Quarta-feira, 27 de Maio de 2009
Cabeça para cima, polegar para baixo

Cristiano entrou de gloss em campo. Messi não embelezou os lábios, mas parecia confiante na entrada.

Cristiano entrou em campo como para um casamento. Impecável maquilhagem, figura alta, atlética, sorriso de confiança a esconder o medo de perder um ceptro que tem de ser seu. Messi passou pelo chuveiro antes de entrar. Não tardava, aquele cabelo desgrunhar-se-ia ao primeiro sprint. E Messi não o penteou; foi atrás da bola.

Cristiano entrou de nariz empinado. Messi também, mas esse é físico, talvez herança do nariz da mãe, a descrever um apóstrofo bem delineado.

Cristiano, de costas direitas, parecia capaz de explodir, e nós já o vimos a resolver um jogo de um momento para o outro com um petardo teleguiado ou uma impulsão de cabecear Plutão. Cristiano, melhor do mundo, não conseguiu ir além das estrelas. Messi, camisola desfraldada, bola impreterivelmente colada ao pé esquerdo, deambulante, fez-me sorrir de cada vez que estava em jogo.

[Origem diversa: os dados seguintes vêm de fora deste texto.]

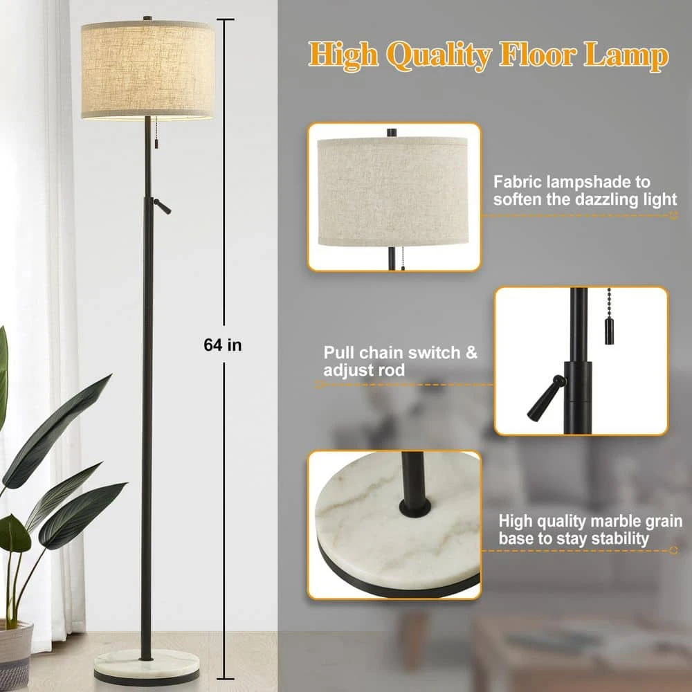 - The advanced marble standing floor lamp features the most flexible adjustable height poles. Equipped wo right-sized marble base, fits well into any narrow corners.
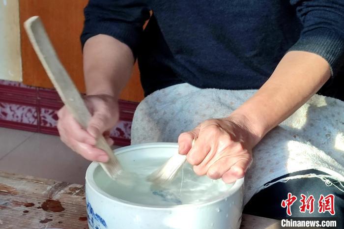在水中反復(fù)梳洗毛筆頭是制筆的重要環(huán)節(jié)?!枪跇?攝

Cristiano cobriu-se de base para esconder as imperfeições do rosto. Os jogos agora são em alta-definição, e o melhor é não haver descuidos. Mas Cristiano esqueceu-se de esconder as imperfeições do seu futebol. E elas existem. Eu, até há bem pouco tempo, julgava que também para Messi existiam imperfeições, mas parece que não há. Messi ganhou nas alturas numa área repleta de defesas acima do metro e noventa e fez um golo de fazer Crouch roer-se de inveja. Messi atingiu Marte com aquele salto. Messi, que teve de tomar hormonas para atingir o 1,69 m, marcou um golo de cabeça na final da Champions. Messi é, agora, perfeito.

Cristiano nunca será perfeito enquanto não se esquecer dos duelos individuais, com a imprensa, com o mostrar que merece estar onde está. Messi merece, mostra-o, e parece jogar com a mesma descontracção com que eu jogo ao sábado com os meus amigos num pavilhão qualquer, numa transversal à rua Damião de Góis.

Cristiano sabe que já não é o melhor do mundo. Deixou de o ser hoje. Pode voltar a ser, disso não há dúvida. Está ali uma máquina de jogar futebol. Mas - Álvaro de Campos, peço-te que me absolvas disto - há algo que supera as máquinas. Messi conseguiu tocar Plutão.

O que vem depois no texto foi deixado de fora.